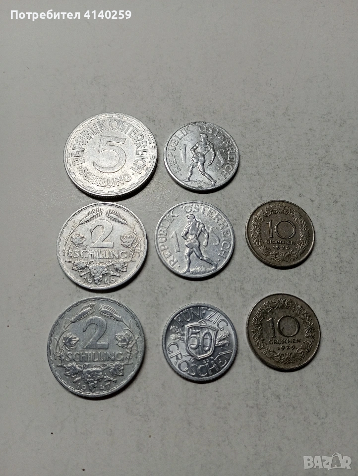 АВСТРИЯ МОНЕТА 5 ШИЛИНГА 1952 Г 2 ШИЛИНГА 1946-1947 Г 1 ШИЛИНГ 1947-1957 Г 50 ГРОША 1952 Г АЛУМИНИЙ 10 ГРОША 1925-1929 Г СЪСТОЯНИЕ ОТЛИЧНО ЦЕНА ЗА 8 БРОЯ ПОЛУЧАВАТЕ СНИМАНИТЕ МОНЕТИ РАЗГЛЕДАЙТЕ ДРУГИТЕ МИ ОБЯВИ ДА КОМБИНИРАТЕ ДОСТАВКА ЕКОНТ ЗА ВАРНА ЛИЧНО
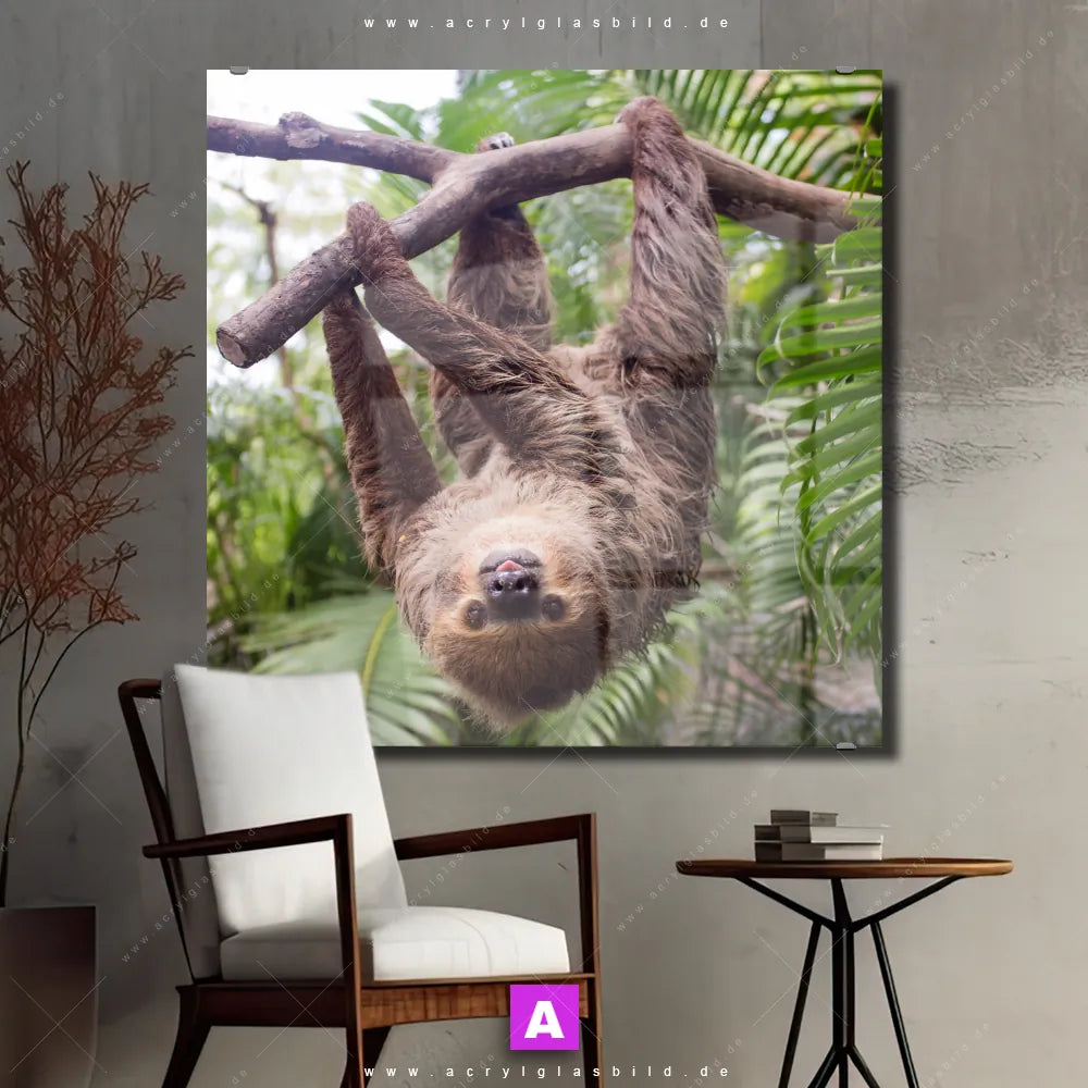 <b>Produktart:</b> Acrylglasbild | Glasbild | Wandbild aus Kunstglas | <b> Motiv:</b> Faultier streckt Zunge raus | <b> Bildausrichtung:</b> Quadrat | <b> Max. Motiv-Größe:</b> 450cm breit | 300cm hoch | <b> Verfügbare Formate: </b> Quadrat, Querformat, Hochformat, Panorama, Schmal, Rund | <b> Kategorie:</b> Tierwelt, Wald - Bäume | <b> Farben:</b> Braun, Grün | <b> Kunstformen:</b> Fotografie | <b> Kunststile:</b> Natürlich - Realistisch
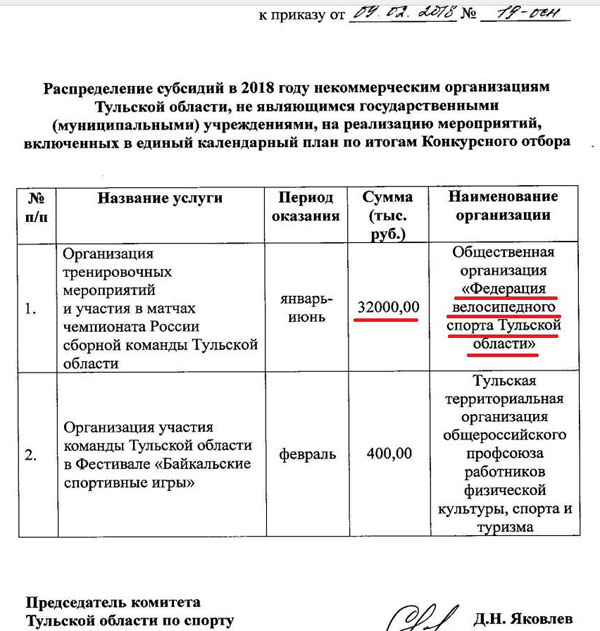 Несмотря на полную непрозрачность, конкурс видимо состоялся, а право на субсидию из областного бюджета в размере 32 млн рублей получила общественная организация «Федерация велосипедного спорта Тульской области«:
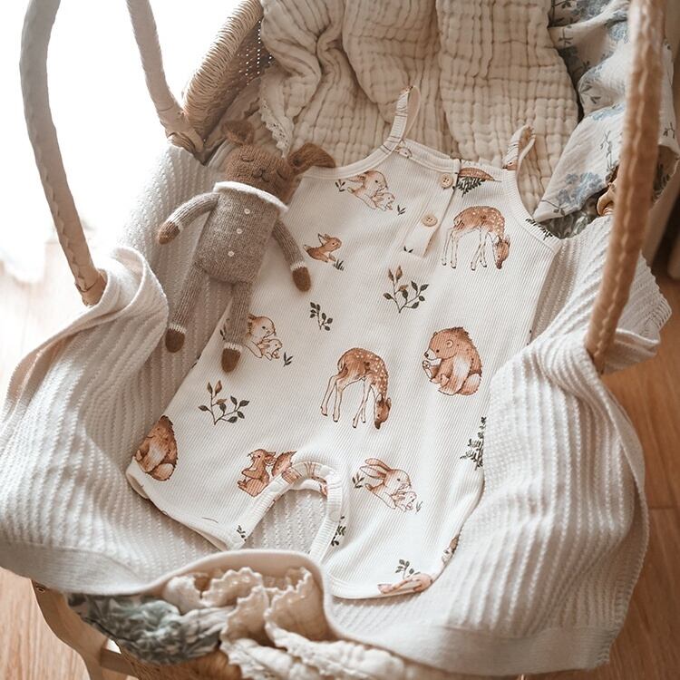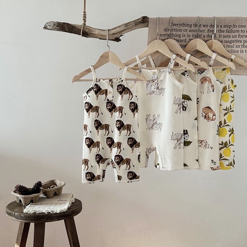 【BABY】夏新作 動物柄ワッフルサロペット
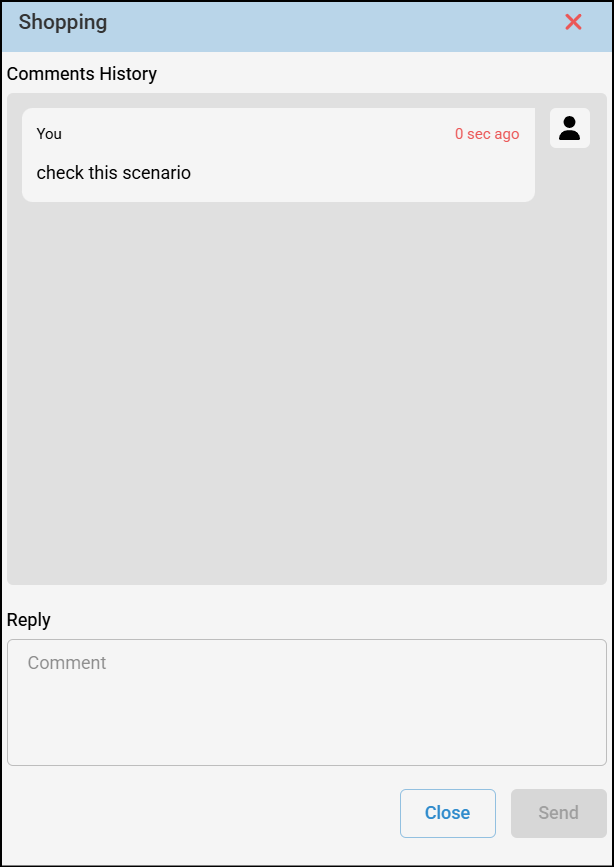 - You can add comments in the Comments field, share them with other users, and click Send for the comments to be shared.
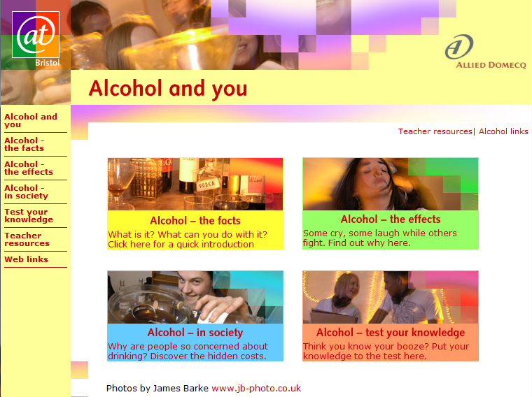 Funded by Allied Domecq, I created a stand-alone exhibit within At-Bristol as well as this accompanying website, on which I led the design and construction. The website features Shockwave versions of some of the games from the exhibit.
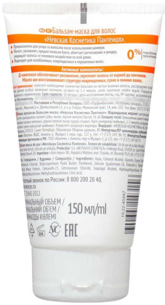Невская Косметика Бальзам-маска для волос с пантенолом
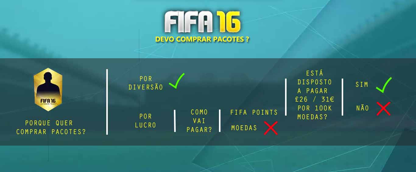 A compra de pacotes pode ser feita com recurso a moedas ou a FIFA Points. No primeiro caso a sua expetativa é a de receber cartas cujo valor de mercado seja superior ao preço dos pacotes. Ou seja, você espera que ao vender no mercado de transferências as cartas dos pacotes, venha a receber mais moedas do que aquelas que pagou por esses pacote. Noutras palavras, espera obter lucro. Isso raramente acontece, pelo que investir as suas coins em packs é uma péssima ideia.
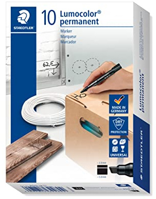 Versatile permanent marker for writing and marking on almost all surfaces, including cardboard, metal, plastic, tyres, glass, wood, stone, leather, clothes
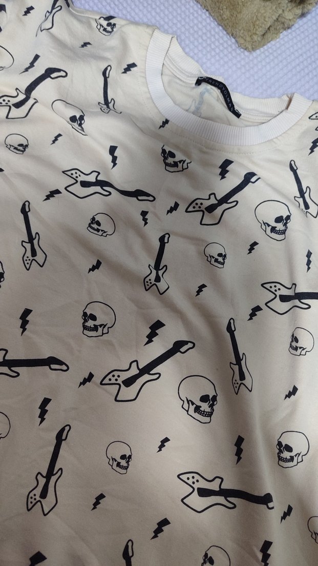 Pamuk kumaştan yapılmış, beyaz renkli, baskılı rock punk desenli, kısa kollu, bol kesim erkek tişörtü. kumaşı ince yapıda.
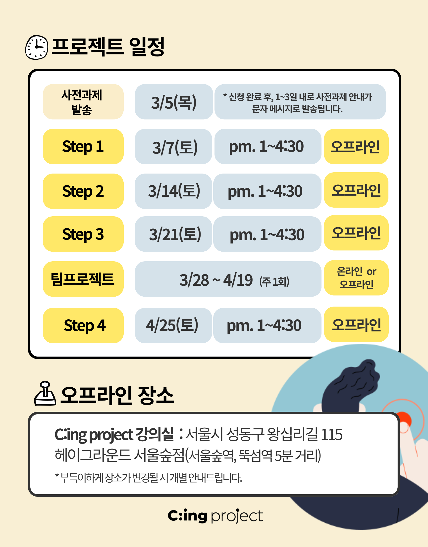 [공지] 아래는 3월 프로젝트 일정 안내입니다. 먼저, 아이덴티티 디자인 프로젝트의 진행방식과 커리큘럼을 아래의 링크를 클릭하여 확인해주세요👇
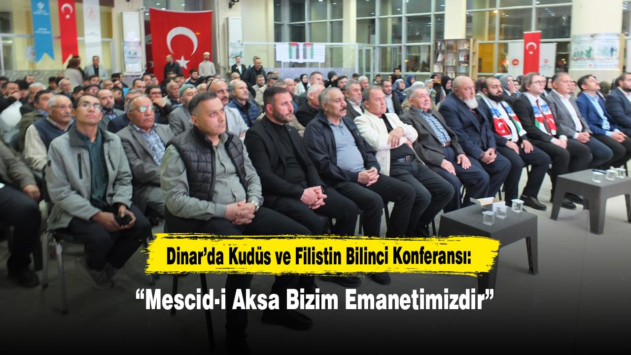 Afyonkarahisar Dinar İlçe Müftülüğü tarafından Ünal Kılıç İlim ve Kültür Merkezi’nde "Peygamber Efendimiz (sallâllâhu aleyhi ve sellem), Cami ve Namaz-İlk Kıblemiz Mescid-i Aksa, Kudüs Bilinci ve Filistin Davası" konulu konferans düzenlendi.
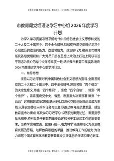 市教育局党组理论学习中心组2026年度学习计划.docx
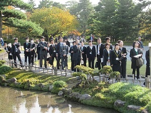 石川県立歴史博物館や金沢老舗記念館の展示資料について解説をふまえて見たり、兼六園や金沢城を解説を受けながら実際に歩きました。普段、私たちがあまり気に留めていないことについても、講師から面白く興味を誘う話がたくさんあり、金沢のまちを再発見することができました。初任者は、教える側がよく理解し面白味を知ることで、生徒にいきいきと伝えることができることを講師の話しぶりから学び、教員としての専門性を高めなければならないと感じた1日でした。
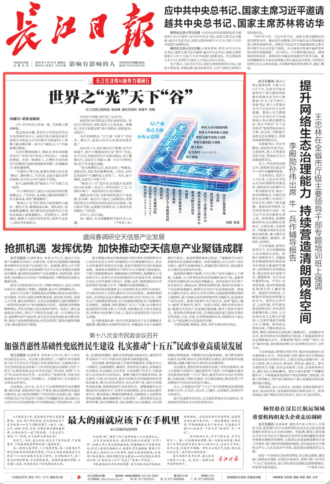 4月10日,《长江日报》头版头条刊发报道《世界之“光”天下“谷”》,以下为全文转载。
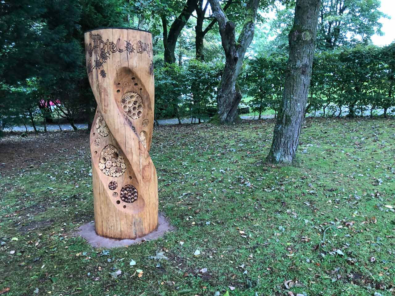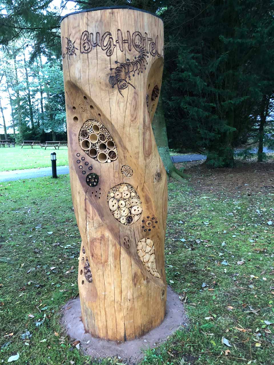 And for something a little more unusual… the Bug Hotel is a log sculpture carved from a solid tree trunk into which many little insect-friendly compartments, recesses and drill holes have been fashioned to encourage the inhabitation of wiggly bugs.
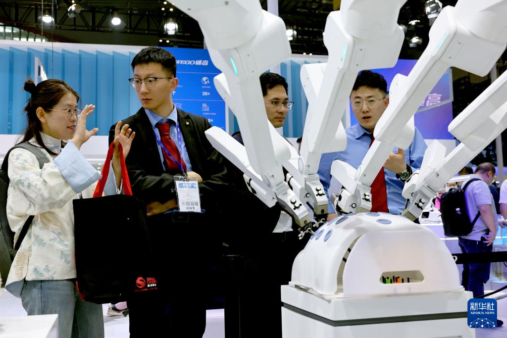8日、手術用ロボットの傍らで交流する来場者。(上海=新華社記者/方喆)
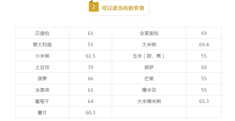 ◆當(dāng)血糖生成指數(shù)在55~70之間時(shí),該食物為中等GI食物;
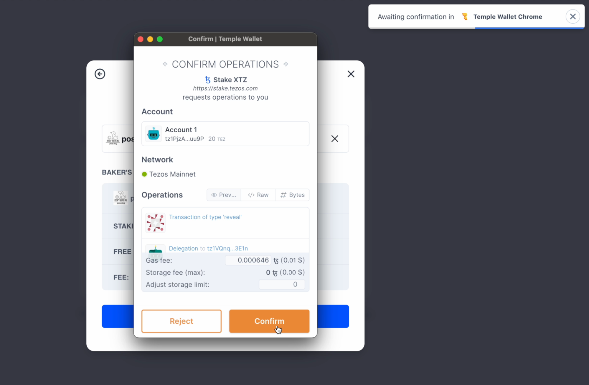 Confirm the delegation and wait a few seconds.
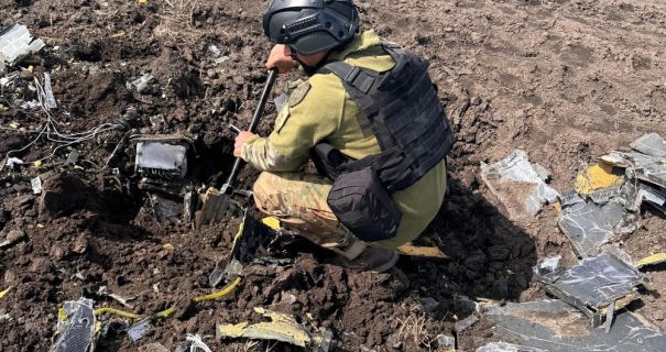 Отмечается, что боевая часть найденного дрона весом более 50 кг не сдетонировала и частично углубилась в землю.
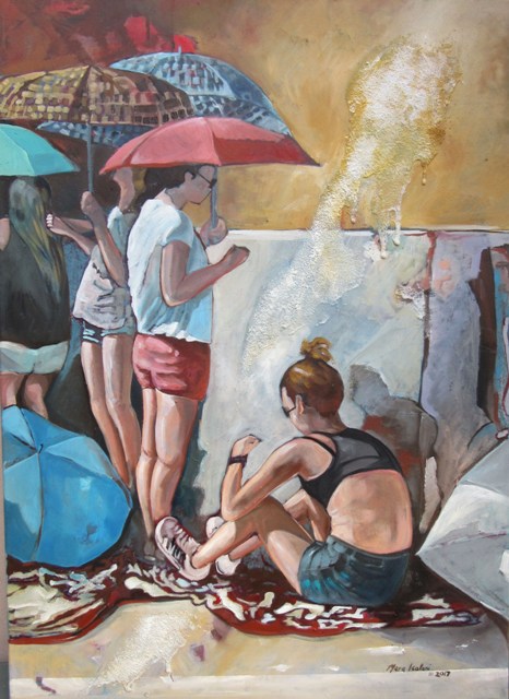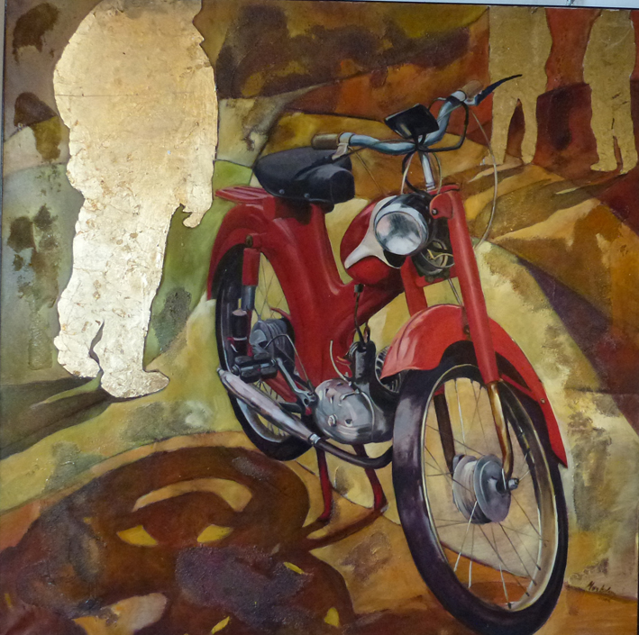 Una serie di dipinti a olio, acrilico e inserti materici, per immergere il visitatore in un mondo di viaggiatori della vita, in uno spazio dove tutto è immaginabile, dove “l’homo peregrinus” avanza alla ricerca dei suoi sogni e di se stesso, dove le auto assorbono viaggi e paesaggi sulle loro lucide superfici, dove alla fine i turisti a gruppi o da soli diventano i loro alter ego, calchi dorati, impronte d’uomo, sintesi di una società massimizzata dove gusti e tendenze sono sempre più simili fra loro.

┄┄┄┄┄┄

→ What is expected:
Reproduce all of the entries above word for word, but leave out their pictures.

→ Exercise result:
 АВСТРИЯ МОНЕТА 5 ШИЛИНГА 1952 Г 2 ШИЛИНГА 1946-1947 Г 1 ШИЛИНГ 1947-1957 Г 50 ГРОША 1952 Г АЛУМИНИЙ 10 ГРОША 1925-1929 Г СЪСТОЯНИЕ ОТЛИЧНО ЦЕНА ЗА 8 БРОЯ ПОЛУЧАВАТЕ СНИМАНИТЕ МОНЕТИ РАЗГЛЕДАЙТЕ ДРУГИТЕ МИ ОБЯВИ ДА КОМБИНИРАТЕ ДОСТАВКА ЕКОНТ ЗА ВАРНА ЛИЧНО
 <b>Produktart:</b> Acrylglasbild | Glasbild | Wandbild aus Kunstglas | <b> Motiv:</b> Faultier streckt Zunge raus | <b> Bildausrichtung:</b> Quadrat | <b> Max. Motiv-Größe:</b> 450cm breit | 300cm hoch | <b> Verfügbare Formate: </b> Quadrat, Querformat, Hochformat, Panorama, Schmal, Rund | <b> Kategorie:</b> Tierwelt, Wald - Bäume | <b> Farben:</b> Braun, Grün | <b> Kunstformen:</b> Fotografie | <b> Kunststile:</b> Natürlich - Realistisch
 Несмотря на полную непрозрачность, конкурс видимо состоялся, а право на субсидию из областного бюджета в размере 32 млн рублей получила общественная организация «Федерация велосипедного спорта Тульской области«:
 【BABY】夏新作 動物柄ワッフルサロペット
 - You can add comments in the Comments field, share them with other users, and click Send for the comments to be shared.
 Funded by Allied Domecq, I created a stand-alone exhibit within At-Bristol as well as this accompanying website, on which I led the design and construction. The website features Shockwave versions of some of the games from the exhibit.
Невская Косметика Бальзам-маска для волос с пантенолом
 A compra de pacotes pode ser feita com recurso a moedas ou a FIFA Points. No primeiro caso a sua expetativa é a de receber cartas cujo valor de mercado seja superior ao preço dos pacotes. Ou seja, você espera que ao vender no mercado de transferências as cartas dos pacotes, venha a receber mais moedas do que aquelas que pagou por esses pacote. Noutras palavras, espera obter lucro. Isso raramente acontece, pelo que investir as suas coins em packs é uma péssima ideia.
 Versatile permanent marker for writing and marking on almost all surfaces, including cardboard, metal, plastic, tyres, glass, wood, stone, leather, clothes
 Pamuk kumaştan yapılmış, beyaz renkli, baskılı rock punk desenli, kısa kollu, bol kesim erkek tişörtü. kumaşı ince yapıda.
 [공지] 아래는 3월 프로젝트 일정 안내입니다. 먼저, 아이덴티티 디자인 프로젝트의 진행방식과 커리큘럼을 아래의 링크를 클릭하여 확인해주세요👇
 Afyonkarahisar Dinar İlçe Müftülüğü tarafından Ünal Kılıç İlim ve Kültür Merkezi’nde "Peygamber Efendimiz (sallâllâhu aleyhi ve sellem), Cami ve Namaz-İlk Kıblemiz Mescid-i Aksa, Kudüs Bilinci ve Filistin Davası" konulu konferans düzenlendi.
 市教育局党组理论学习中心组2026年度学习计划.docx
 石川県立歴史博物館や金沢老舗記念館の展示資料について解説をふまえて見たり、兼六園や金沢城を解説を受けながら実際に歩きました。普段、私たちがあまり気に留めていないことについても、講師から面白く興味を誘う話がたくさんあり、金沢のまちを再発見することができました。初任者は、教える側がよく理解し面白味を知ることで、生徒にいきいきと伝えることができることを講師の話しぶりから学び、教員としての専門性を高めなければならないと感じた1日でした。
 4月10日,《长江日报》头版头条刊发报道《世界之“光”天下“谷”》,以下为全文转载。
 And for something a little more unusual… the Bug Hotel is a log sculpture carved from a solid tree trunk into which many little insect-friendly compartments, recesses and drill holes have been fashioned to encourage the inhabitation of wiggly bugs.
8日、手術用ロボットの傍らで交流する来場者。(上海=新華社記者/方喆)
 ◆當(dāng)血糖生成指數(shù)在55~70之間時(shí),該食物為中等GI食物;
 Confirm the delegation and wait a few seconds.
 Отмечается, что боевая часть найденного дрона весом более 50 кг не сдетонировала и частично углубилась в землю.
 Una serie di dipinti a olio, acrilico e inserti materici, per immergere il visitatore in un mondo di viaggiatori della vita, in uno spazio dove tutto è immaginabile, dove “l’homo peregrinus” avanza alla ricerca dei suoi sogni e di se stesso, dove le auto assorbono viaggi e paesaggi sulle loro lucide superfici, dove alla fine i turisti a gruppi o da soli diventano i loro alter ego, calchi dorati, impronte d’uomo, sintesi di una società massimizzata dove gusti e tendenze sono sempre più simili fra loro.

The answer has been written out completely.